BEGIN Data in this exercise

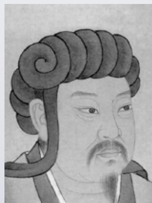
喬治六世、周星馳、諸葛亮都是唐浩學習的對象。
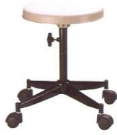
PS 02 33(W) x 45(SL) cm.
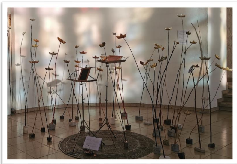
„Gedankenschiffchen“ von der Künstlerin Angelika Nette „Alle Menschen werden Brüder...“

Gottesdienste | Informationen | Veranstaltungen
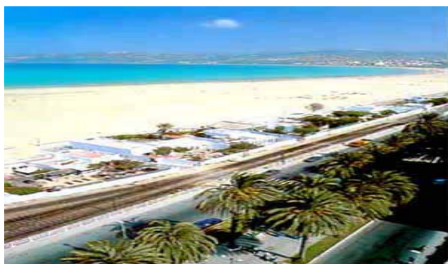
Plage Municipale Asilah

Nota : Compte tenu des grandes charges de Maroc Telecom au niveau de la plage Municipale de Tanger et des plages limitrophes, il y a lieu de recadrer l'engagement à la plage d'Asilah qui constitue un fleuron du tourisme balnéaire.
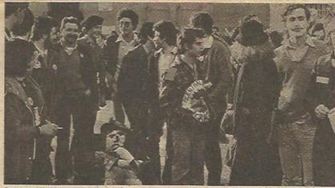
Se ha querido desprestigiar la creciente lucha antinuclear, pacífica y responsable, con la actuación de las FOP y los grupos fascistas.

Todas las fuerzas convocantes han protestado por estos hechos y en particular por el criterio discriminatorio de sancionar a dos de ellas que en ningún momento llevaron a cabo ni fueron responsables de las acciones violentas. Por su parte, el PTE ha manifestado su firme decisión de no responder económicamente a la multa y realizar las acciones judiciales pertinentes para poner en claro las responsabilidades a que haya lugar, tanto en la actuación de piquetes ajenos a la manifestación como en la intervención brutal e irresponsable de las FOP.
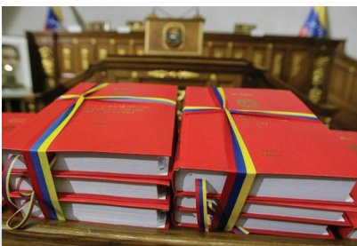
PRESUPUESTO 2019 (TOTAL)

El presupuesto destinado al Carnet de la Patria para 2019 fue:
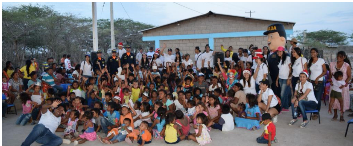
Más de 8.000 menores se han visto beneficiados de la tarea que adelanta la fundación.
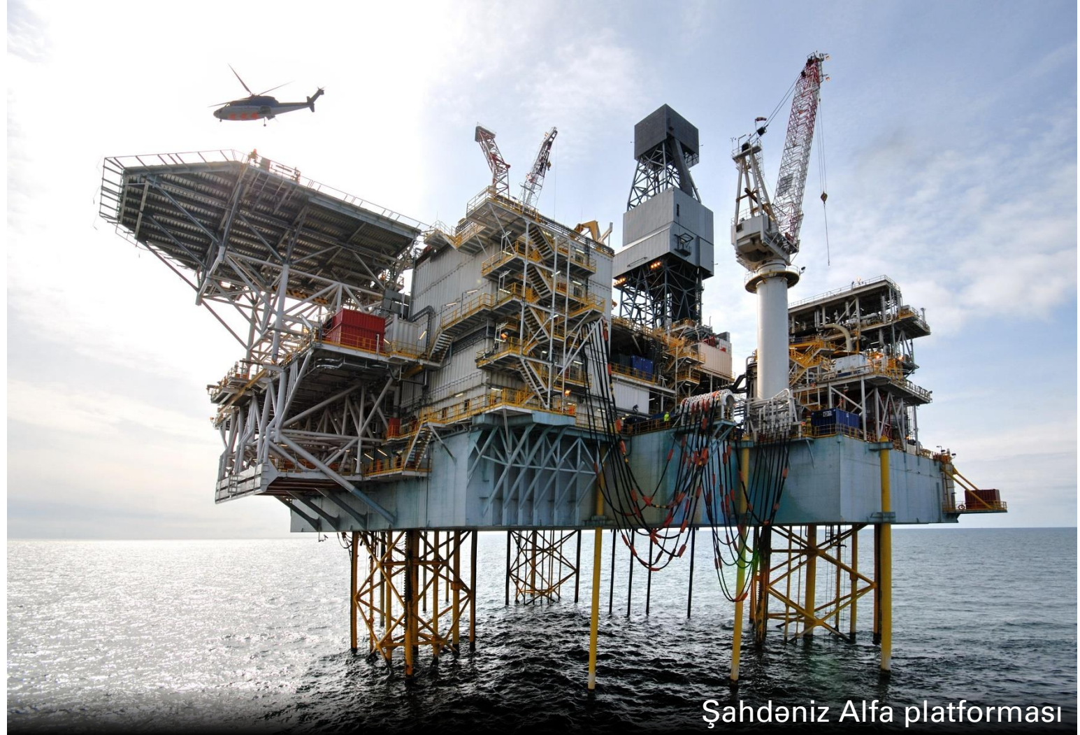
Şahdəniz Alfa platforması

END Data in this exercise

[Work item]
What is needed is every line of the data above, set down exactly but with the images left out.

[Reply to the task]
喬治六世、周星馳、諸葛亮都是唐浩學習的對象。
PS 02 33(W) x 45(SL) cm.
„Gedankenschiffchen“ von der Künstlerin Angelika Nette „Alle Menschen werden Brüder...“

Gottesdienste | Informationen | Veranstaltungen
Plage Municipale Asilah

Nota : Compte tenu des grandes charges de Maroc Telecom au niveau de la plage Municipale de Tanger et des plages limitrophes, il y a lieu de recadrer l'engagement à la plage d'Asilah qui constitue un fleuron du tourisme balnéaire.
Se ha querido desprestigiar la creciente lucha antinuclear, pacífica y responsable, con la actuación de las FOP y los grupos fascistas.

Todas las fuerzas convocantes han protestado por estos hechos y en particular por el criterio discriminatorio de sancionar a dos de ellas que en ningún momento llevaron a cabo ni fueron responsables de las acciones violentas. Por su parte, el PTE ha manifestado su firme decisión de no responder económicamente a la multa y realizar las acciones judiciales pertinentes para poner en claro las responsabilidades a que haya lugar, tanto en la actuación de piquetes ajenos a la manifestación como en la intervención brutal e irresponsable de las FOP.
PRESUPUESTO 2019 (TOTAL)

El presupuesto destinado al Carnet de la Patria para 2019 fue:
Más de 8.000 menores se han visto beneficiados de la tarea que adelanta la fundación.
Şahdəniz Alfa platforması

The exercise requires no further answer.